What is to be done when the bar for innovative choral music has been set so high? What's left when the voice has seemingly been rung dry, every facet of range and timbre used, abused and exploited? Somehow, despite fantastic odds, Joane Hetu has found solutions, presented in nearly an hour of what sits nicely, humorously and often disturbingly on the periphery of choral music history.
The language is French, that is when there is a language to be discerned. The spoken word sections clarify that much. As for the rest, no proverbial stone is left unturned, and, given the hour-long work's subject matter, this is as it should be. The notes speak of night, of dreams, somehow invoking the spontaneity inherent in the construction of both. The text is peppered with allusions to dreams, and the rapidity with which everything changes is certainly of the dream world. At times, it is as if the language we're hearing, even sound itself, has been transported to Twin Peaks, where all notion of forward and backward motion are subsumed and erased. Tonality and atonality are treated with similar polarization and unification; Hetu is unafraid of the triad, but it is merely a point of reference, some sort of historical burden to be shouldered and dropped post-haste. Rhythm, register, color, breath, time — all are her playthings, encountered and abandoned at will, only to resurface, like those wild arpeggiated 1950s ascending triads she'll insert, just when least expected. The whole history of 20th and 21st century choral music is here, from Holst's long-sustained sonorities to Messiaen's syllabic rhythms, from Ligeti's uninhibited and dark humor to Xenakis' crunchy dissonances that claw at the ear with high-register harmonics.

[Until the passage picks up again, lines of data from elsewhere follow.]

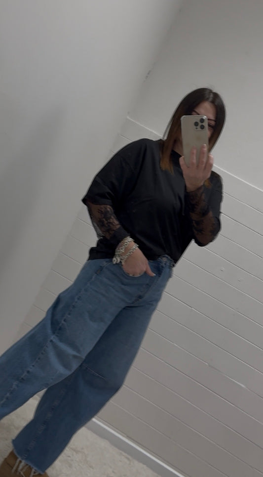 Susy Mix T-Shirt con Manica in Pizzo Nera
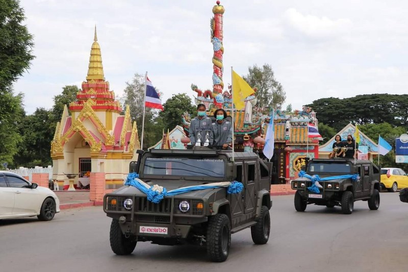 ซึ่งได้แห่ไปตามถนนสายต่างๆ ภายในเขตเทศบาลเมืองเลยเพื่อให้ประชาชนในเขตเทศบาลเมืองเลย ได้ร่วมแสดงความยินดีกับนักกีฬาหญิงทั้ง 2 คน ที่ได้สร้างชื่อเสียงโด่งดังระดับเอเชียมาให้กับพี่น้องชาวจังหวัดเลย จากหน้าเทศบาลเมืองเลยผ่านอาชีวศึกษาเลย เลี้ยวซ้ายเข้าสู่ถนนชุมสาย ผ่านวงเวียนน้ำพุ เข้าสู่ถนนสถลเชียงคาน เลี้ยวซ้ายไฟแดง ส.ทวีภัณฑ์ เข้าสู่ถนนร่วมใจ เลี้ยวซ้ายเข้าสู่ถนนมลิวรรณ ยูเทิร์นผ่านหน้าโรงเรียนเมืองเลย ผ่านแขวงการทางจังหวัดเลย มุ่งหน้าเข้าสู่โรงเรียนเทศบาล 5 บ้านหนองผักก้าม เพื่อทำพิธีแสดงความยินดีแก่นักกีฬา โดยมี นายดิษพล บุตรดีวงศ์ ท้องถิ่นจังหวัดเลย นายทัศนัย มงคลวัจน์นายกสมาคมกีฬาแห่งจังหวัดเลย ร่วมร่วมแสดงความยินดี โดยทำพิธีเลี้ยงต้อนรับและมอบเงินรางวัลให้เป็นขวัญกำลังใจแก่นักกีฬา ที่จะต้องเก็บตัวฝึกซ้อมไปแข่งขันในระดับโลก อยู่ที่อาคารอเนกประสงค์ 1 โรงเรียนเทศบาล 5 บ้านหนองผักก้าม เทศบาลเมืองเลย โดยมีผู้บริหารโรงเรียนเทศบาล 5 บ้านหนองผักก้าม เทศบาลเมืองเลย นายสุชาติ อาจศัตรู เป็นผู้อำนวยการโรงเรียนเทศบาล 5 บ้านหนองผักก้าม นายนราธป บุญมา รอง ผอ.โรงเรียนเทศบาล 5 บ้านหนองผักก้าม และนางมนพร ปุณยพงศ์ รอง ผอ.โรงเรียนเทศบาล 5 บ้านหนองผักก้าม และผู้ฝึกสอนนักกีฬา หรือโค้ช ได้แก่ นายทรงศักดิ์ ผาคำ กับนายกสิณ ตันปัน จัดงานแสดงความยินดีแก่นักกีฬาอย่างยิ่งใหญ่
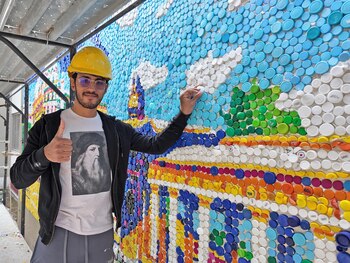 La obra ha sido colocada en el patio de una escuela de esta ciudad sureña y ha implicado una semana de trabajo además de un año recolectando los tapones de las botellas que la dan forma, con la ayuda de asociaciones y vecinos del lugar.
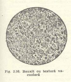 Textura: aspecte texturale foarte variate, omogene si neomogene, "patate" sunt date de corpusculi, de diferite forme si origini, prinsi intr-o masa fundamentala. Texturile omogene caracterizeaza rocile compacte sau cele poroase, spongioase. Pentru acestea din urma sunt specifice texturile veziculare, cu goluri mari, tubulare sau vermiforme si texturile celulare, cu cavitati mari formate prin solubilizari selective. Texturile pamantoase sunt caracteristice unor depozite friabile de tipul terra-rossa. Texturile scheleticesunt microgranulare si reflecta caracterele rocilor pe seama carora au aparut bauxitele. Texturile colomorfe (geliforme) sterg texturile scheletice si capata aspecte mamelonare, globulare cu imbogatiri in aluminiu si fier. Texturile nodulare constau din aglomerari mineralogice neregulate, cu aspect concretionar, diseminate in masa fundamentala. Texturile brecioase sunt date de fragmentele angulare, dispersate in masa fundamentala (care capata caracter de matrice). Texturile oolitice, pisolitice si concretionare se intalnesc frecvent in bauxite.
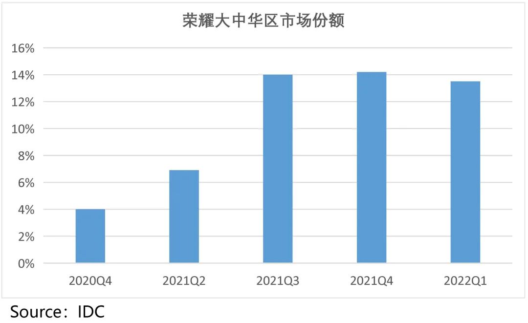 “荣耀自2021年下半年回归以来,表现持续超预期,市占率基本稳定在15-20%。2022年是其关键之年,团队和股东的战斗力都不容轻视。因此,短期可以预料,小米将面临荣耀的顽强崛起。”

It is to Joker's credit that, ultimately, the music sounds like all and none of these historical precedents. Maybe it's just this mixture of performers and composers that allows the challenging score to be rendered with such success. They laugh, warble, exhale with sudden vengeance, sigh, croon and, yes, sing, with the conviction of an ensemble long nurtured, though this is its debut. The recording is nothing less than breathtaking, spacious and detailed, allowing each subgroup to be heard in the whole's context. This is a journey for the listener, undoubtedly akin to that of the composer and performers, and each listen brings new revelations.